The protections afforded to construction workers by Labor Law 240(1), known as the scaffold law, just seem to be getting weaker and weaker. At least, that’s what’s happening the more often the Appellate Division interprets it.

In Cherry v. Time Warner, Inc., 885 N.Y.S.2d 28 (1st Dept. Aug. 18, 2009), the Appellate Division, First Department, thoroughly analyzed the “normal and logical response” concept that has been evolving in the sphere of section 240(1) jurisprudence.  The court held that:

the requirement of a worker’s ‘normal and logical response’ to get a safety device rather than having one furnished or erected for him is limited to those situations when workers know the exact location of the safety device or devices and where there is a practice of obtaining such devices because it is a simple matter for them to do so.

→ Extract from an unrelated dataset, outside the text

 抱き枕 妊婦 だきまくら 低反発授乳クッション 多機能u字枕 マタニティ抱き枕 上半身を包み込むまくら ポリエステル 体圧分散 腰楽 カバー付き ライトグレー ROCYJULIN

The import of this decision: if a defendant can show that a proper safety device was present in a known location and the worker did not obtain it, it is not liable.

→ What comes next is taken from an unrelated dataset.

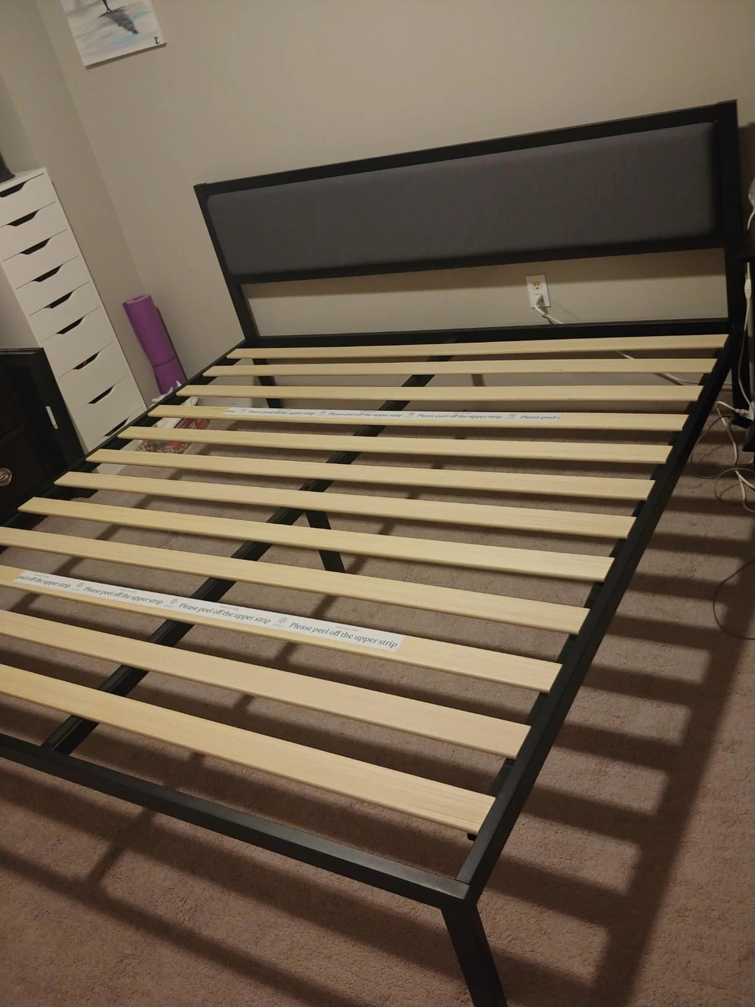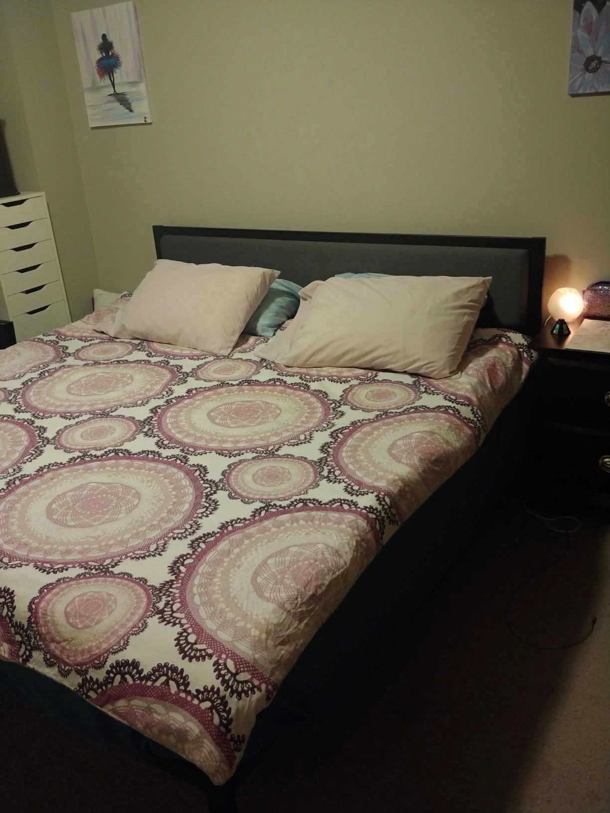 Selling a sturdy King-size upholstered bed frame with headboard. The frame measures 80.5" long by 75.5" wide, with a headboard height of 38". It has a 12" clearance underneath, it has a lot of storage space — enough to fit full-size suitcases, storage bins, and boxes. Built with a strong steel frame and wooden slats, it does not require a box spring and supports all King-size mattresses, whether foam, spring, or hybrid. The upholstered grey headboard gives it an elegant look. The bed is in excellent condition, gently used, sturdy, and comes from a clean, smoke-free home. Asking price is $280. The frame is under warranty until November 2028 from its manufacturer- Zinus. Pick-up in Mississauga starting October 12, with viewings welcome before that date if you’d like to see the frame in person. This is part of a moving sale — I’m also selling other furniture and household items, so please check my other listings as well.

In the case, the worker was stationed on top of a scaffold without guardrails on two of its four sides and fell eight feet to the floor.  The worker testified at deposition that he did not see any scaffolds with guardrails on the date of his accident, and while he did say that he had seen scaffolds with guardrails on the floor he was working on and on other floors before the date of his accident, it was not established that one was located on his floor when he was injured.

The court thus found that a question of fact existed that precluded summary judgment in favor of the worker.

The court did indicate that the worker would not necessarily be required to search for scaffolds on different floors.  Nevertheless, this decision shifts the burden for providing appropriate safety devices onto workers, rather than owners and contractors.  Surely, it will be cited by defendants in Labor Law cases seeking to defeat summary judgment.